Initial Drug Treatment - Systolic Dysfunction

The initial drug treatment of significant systolic dysfunction typically includes: (1) renin-angiotensin system antagonists (either an angiotensin receptor-neprilysin inhibitor (ARNI), an angiotensin converting enzyme inhibitor (ACEI), or a single agent angiotensin II receptor blocker (ARB), (2) beta blockers and (3) diuretics.

Renin-angiotensin system antagonists are vasodilators that decrease both preload and afterload. They improve survival and exercise capability and inhibit the process of remodeling. Angiotensin receptor-neprilysin inhibitors (ARNI) are now considered first-line in this class due to superior effects on survival when compared to ACE inhibitors. Neprilysin inhibition increases circulating natriuretic peptides, further promoting diuresis and vasodilation and improving cardiac remodeling. Those patients unable to tolerate ARNI should be started instead on an ACE inhibitor.

An alternative approach for patients who cannot tolerate ACE inhibitors is the use of angiotensin II receptor blockers (ARB). Unlike ACE inhibitors, they do not inhibit kinase and, therefore, are not associated with cough, a common side effect of ACE inhibitors.

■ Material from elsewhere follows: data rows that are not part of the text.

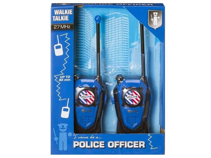 Kerítsétek be két irányból a bűnözőket! A Rendőrségi adóvevő készlet két fekete-kék walkie-talkie készülékből áll, amikkel kisebb távolságról tudtok egymással beszélgetni. Az adóvevők övcsipesszel készültek, a két szerkezet 27 MHz frekvencián kommunikál egymássall! A Rendőrségi adóvevő készlettel feldobhatjátok kommandós vagy rendőr jelmezeteket is. A készlet 2 darab 9V elemmel működik, a csomagolás az elemeket nem tartalmazza.
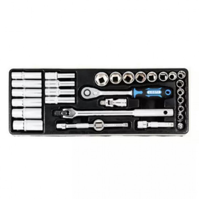 Набор торцевых головок с аксессуарами Licota ACK-384028 из хром-ванадиевой стали предназначен для ручного монтажа/демонтажа резьбового крепежа.
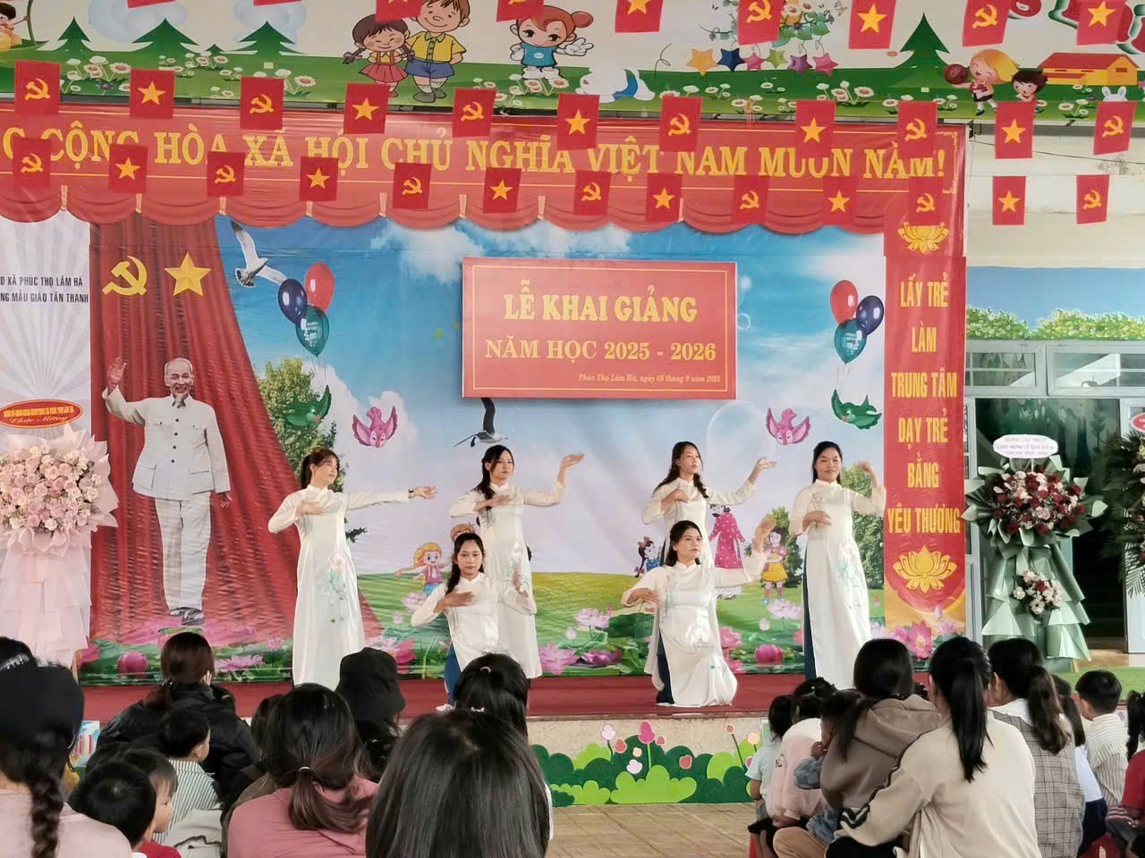 Không khí buổi lễ thêm phần sôi động với các tiết mục văn nghệ đặc sắc do các cô giáo của trường biểu diễn. Với tà áo dài thướt tha và nụ cười rạng rỡ, các cô đã biểu diễn những điệu múa uyển chuyển, những bài hát vui tươi, truyền tải không khí phấn khởi của năm học mới. Tiết mục của các cô vừa mang tính nghệ thuật, vừa thể hiện tình yêu nghề, tình thương dành cho học trò, khiến toàn thể phụ huynh và học sinh đều cảm nhận được sự ấm áp và gần gũi. Chương trình văn nghệ đã góp phần làm cho buổi lễ khai giảng thêm phần sôi động, ý nghĩa và tràn ngập niềm vui.

Beta blockers block cardiac adreno-receptors and improve ejection fraction through upregulation of adreno-receptors. They improve survival, reduce hospitalizations and improve symptoms. Beta blocker therapy should be cautiously administered after control of the patient's volume status. These agents may initially cause decompensation and should be started at a very low dose. They should be progressively titrated upward to a target dose.

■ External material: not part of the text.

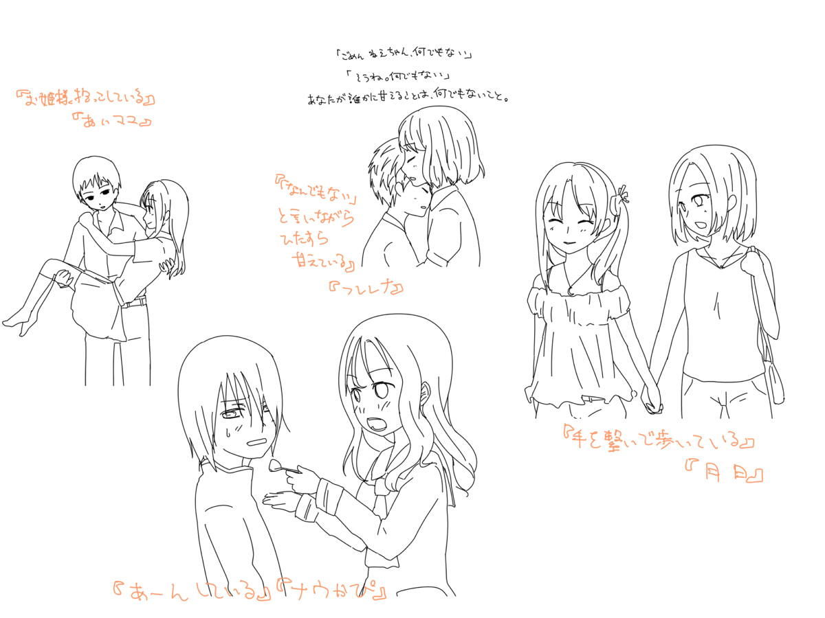 『あーんしている』『ナウかぴ』、 『手を繋いで歩いている』『月日』、 『「なんでもない」と言いながらひたすら甘えている』『フレレナ』、 『お姫様抱っこしている』『あいマユ』が出たからとりあえず全部挑戦してみる。 http://bit.ly/9TF3Xu #sweetCP

Diuretics decrease preload. They do not improve survival but are helpful in managing symptoms related to congestion.

Efforts should be made to optimize therapy with additional agents that are known to reduce mortality, in eligible patients.

Mineralocorticoid Receptor Antagonists (MRA) reduce hospitalization and death in class II-IV patients already on standard therapy including beta blockers.

The combination of hydralazine and isosorbide dinitrate provides complementary vasodilating effects in patients who cannot tolerate ACE inhibitors or ARBs. The combination may have an added benefit to ACE inhibitors and ARBs in some patients of African descent.

Sodium-glucose co-transporter-2 inhibitors (SGLT2i), initially developed as blood glucose lowering drugs for type 2 diabetes, reduce mortality in patients with heart failure with reduced ejection fraction (HFREF), regardless of diabetic status.

Secondary therapies may be helpful in selected patients.

Ivabradine is indicated for HFREF patients and a resting heart rate ≥70 (on maximum beta blockers) and reduces hospitalizations for heart failure.

Digitalis improves symptoms without influencing mortality in patients with elevated filling pressures, or volume overload. Digitalis should be used in low doses, to keep digitalis levels less than one nanogram per milliliter.

Exercise training should be considered for all stable patients on standard drug therapy, because it can lessen symptoms, increase exercise capacity, and improve the quality of life.

More intensive therapy for hospitalized patients with refractory congestive heart failure includes the temporary use of intravenous agents. These may provide further afterload reduction with or without preload reduction and include IV nitroglycerin and nitroprusside. Alternatively, intravenous inotropic drugs may be used to temporarily increase the contractility of the left ventricle and include dobutamine and milrinone.

Biventricular pacing can improve functional capacity, quality of life and survival in selected patients.